Song Heping, que había corrido dos kilómetros, finalmente se detuvo a un lado de la carretera.
¡El tiempo no espera a nadie!
Si su suposición era correcta, Sayif y Ángel ya estarían hablando por teléfono.
Se preguntó cuánto tiempo podría la chica occidental, Ángel, mantener ocupado a Sayif, ese viejo zorro.
Rápidamente se quitó el lanzacohetes RPG de la espalda, desabrochó su mochila táctica y sacó dos minas de espada ancha.
Enroscó velozmente las espoletas y colocó las minas a propósito a la izquierda y a la derecha.
El posicionamiento fue meticuloso.
No había mucha cobertura aquí, así que las minas debían enterrarse más lejos del borde de la carretera para evitar que los conductores las detectaran.
Además, las dos minas debían colocarse de forma cruzada para apuntar hacia adelante, formando un área de cobertura en forma de abanico.
Tras plantar las minas de espada ancha, Song Heping instaló rápidamente los detonadores remotos para los artefactos.
Hay que decir que las cosas del botín eran realmente útiles.
Tenía todo lo que necesitaba.
El País M es el País M, después de todo; el equipo que lleva un soldado de las Fuerzas Especiales siempre puede sorprenderte, a diferencia de un mercenario pobre como él que dudaría en gastar en minas tan caras con control remoto.

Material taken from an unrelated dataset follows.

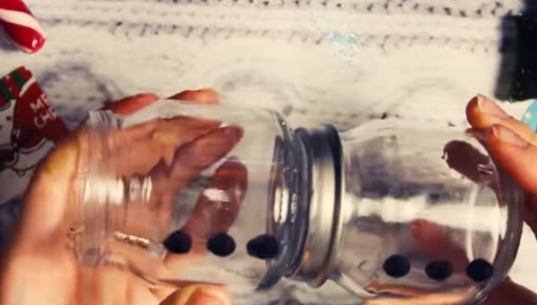 Дождитесь, пока клей высохнет, закрутите крышку и переверните емкость. Необычный сувенир для создания комнатной вьюги готов. Добавьте блесток и конфетти, украсьте баночку лентами и бантами, и смело дарите друзьям и родным!

Habiendo hecho todo esto, Song Heping se retiró rápidamente a un lado de la carretera, encontró un montículo de tierra a su derecha y se escondió detrás.
Luego revisó de nuevo el lanzacohetes RPG, le quitó el seguro y lo colocó a su lado antes de examinar rápidamente su munición.
En ese momento, la voz de Ángel volvió a sonar a través del auricular.
—¡Colgó la llamada!
¡No pude retenerlo más!
—¡Cocinero!
¡Procede!
Song Heping dio la orden sin demora.
No podía esperar más.
A estas alturas, Sayif, escondido en la granja, ya debía de haber empezado a sospechar, probablemente dándose cuenta de que Ángel no se dejaría engañar, y por lo tanto, considerando su propia situación peligrosa.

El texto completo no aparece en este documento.